Lifting the Exponent Lemma

Lifting the exponent allows one to calculate the highest power of an integer that divides various numbers given certain information. It is extremely powerful and can sometimes "blow up" otherwise challenging problems.

Let $p$ refer to an odd prime.
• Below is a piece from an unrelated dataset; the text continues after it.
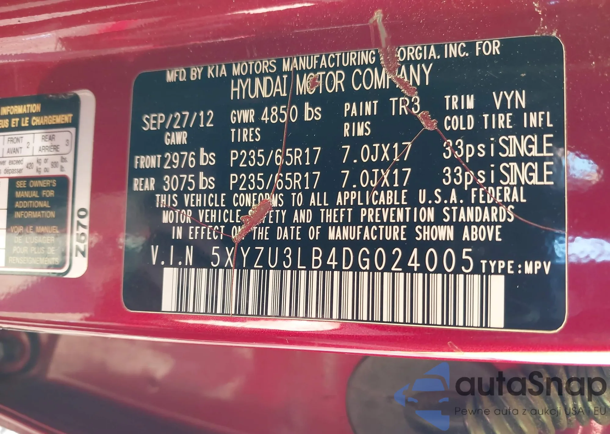 • VIN 5XYZU3LB4DG024005
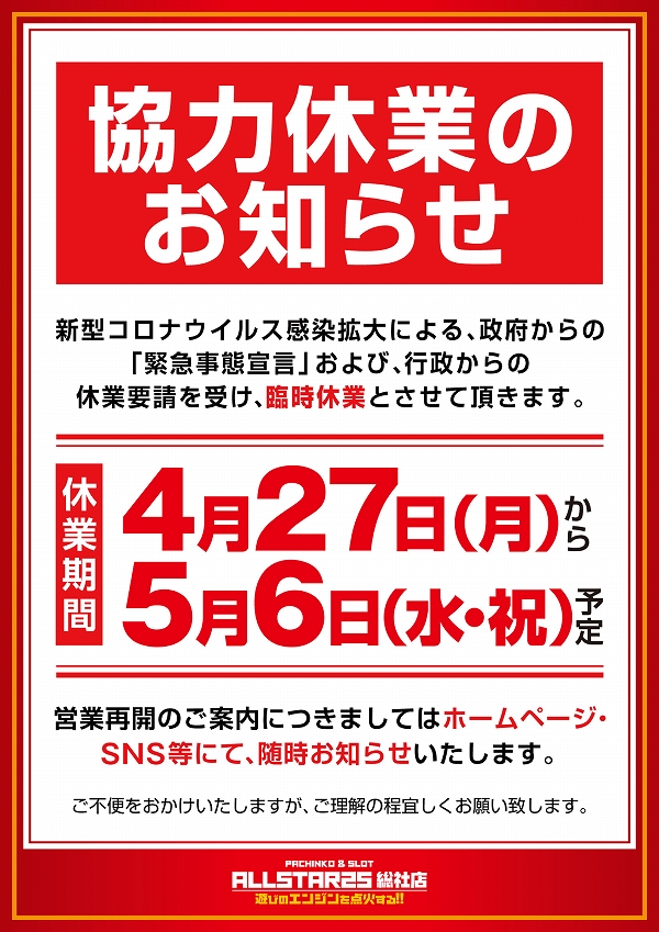 なお営業再開のご案内につきましてはホームページ・SNS等にて随時お知らせさせていただきます。

We can split up LTE into six identities (where $\nu_p(Z)$ represents the largest factor of $p$ that divides $Z$ ):

From (http://services.artofproblemsolving.com/download.php?id=YXR0YWNobWVudHMvYy82LzdjNTI1OGIyMmNjYmZkZGY4MDhhY2ViZTc3MGE1NDRmMzFhMTEzLnBkZg==&rn=TGlmdGluZyBUaGUgRXhwb25lbnQgTGVtbWEgLSBBbWlyIEhvc3NlaW4gUGFydmFyZGkgLSBWZXJzaW9uIDMucGRm):

$\nu_p(x^n-y^n)=\nu_p(x-y)+\nu_p(n)$ , if $p|x-y$ .

$\nu_2(x^n-y^n)=\nu_2(x-y)+\nu_2(n),$ if $4|x-y$ .

$\nu_2(x^n-y^n)=\nu_2(x-y)+\nu_2(x+y)+\nu_2(n)-1$ , if $2|x-y$ and $n$ is even.

$\nu_p(x^n+y^n)=\nu_p(x+y)+\nu_p(n)$ , if $p|x+y$ and $n$ is odd.

From (https://arxiv.org/abs/1810.11456):

$\nu_2(x^n+y^n)=1$ , if $2|x+y$ and $n$ is even.

$\nu_2(x^n+y^n)=\nu(x+y)$ if $2|x+y$ and $n$ is odd.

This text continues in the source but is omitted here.